January 10th, 2018
Comparison of US and UK cultures
The United States and the UK present a good case scenario to analyse whether national business cultures are affected by the changing environment. This understanding derives mainly from the similarities that these countries share in other aspects other than culture. One of this is that both countries are in the developed group category with arguably a high control of resources. Secondly, if democracy were to mainly constitute the freedom of expression, then these countries could be argued to occupy relatively equal levels. Further, though at different times, both have arguably been at the helm of global power – one at the time it held the highest number of colonies and the other at a time it doubles as the biggest debtor nation. In respect to political advancement, both can be said to have evolved to maturity hence establishing some degree of stability. Such also could be said of the legislative framework that ensures justice to the citizenry. Finally one can argue that the level of technological developments in these two countries is high. Despite such similarities the countries could be said to differ in a number of ‘cultural’ aspects. First relates to the cultural origins of the inhabitants. While the United States residents have diverse historical origins, the UK mainly consists of citizens from an identical cultural background with the small diversity being provided by the immigrant community. Further the systems of governance differ in that the US is a presidential system with a federal system of governance whereas the UK is a constitutional monarchy with a unitary state mode of governance. The fact that the UK monarchy system of government has survived through many decades is a reflection of some aspects of the people’s culture. Similarities in culture would therefore result from other factors that have impacted on these nations’ ‘original’ cultures.

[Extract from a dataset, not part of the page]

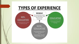 The document outlines the agenda and topics covered in a class about narrative inquiry. The class discussed John Dewey's views on experience and education. It also covered Connelly and Clandinin's three commonplaces of narrative inquiry - temporality, sociality, and place. The class involved activities applying these concepts to classroom experiences and discussed the importance of continuity of experience. Students were assigned to keep a timeline of experiences and give an oral presentation the following week.

Using Holfstede’s measures of cultural diversity, a number of similarities can be noted in respect to the US and the UK. First among these is that in both countries the individualism (IDV) index is the highest with Long-term orientation (LTO) being the lowest (figure 1). High IDV index indicates that in both the US and the UK members of the society are concerned more about self-reliance than the society’s ‘teamwork’ as a way of achieving their means (Bhagat & Steers 2009). Further the low LTO indices are an indication that both countries’ cultures ‘value traditions and social obligations’ more than they do ‘dedication, hard work and thrift’ (Bhagat & Steers 2009, p. 4, Table 1.2). For the second highest ranking dimension in both countries, the Masculinity (MAS) index; the indication is that these countries’ cultures are more inclined to ‘material possessions, money, and the pursuit of personal goals’ than they are to ‘strong social relevance, quality of life, and the welfare of other’ persons (Bhagat & Steers 2009, p. 4, Table 1.2). Due to the domination of the male population such a culture leads to more assertive women as they move away from their female role in search of equality with their male counterparts (Itim international 2009).
The Power distance (PDI) and uncertainty avoidance (UAI) indices in these countries vary slightly with regard to their rank as compared with other Holfstede’s cultural dimensions. In the US, UAI is clearly the higher of the two indices, but for the UK the indices are approximately equal (Appendix). However, for both countries both indices are lower than the world averages (Itim International 2009). Low indices in UAI indicate that in both societies ambiguity is tolerated hence need for rules restricting uncertainty is little (Bhagat & Steers 2009, p. 4, Table 1.2).Similarly for PDI, low indices are an indicator that leaders need not to wield high powers in relation to the followers to achieve effectiveness (Bhagat & Steers 2009, p. 4, Table 1.2). This then indicates higher equality levels in both societies that could motivate cooperation (Itim International 2009).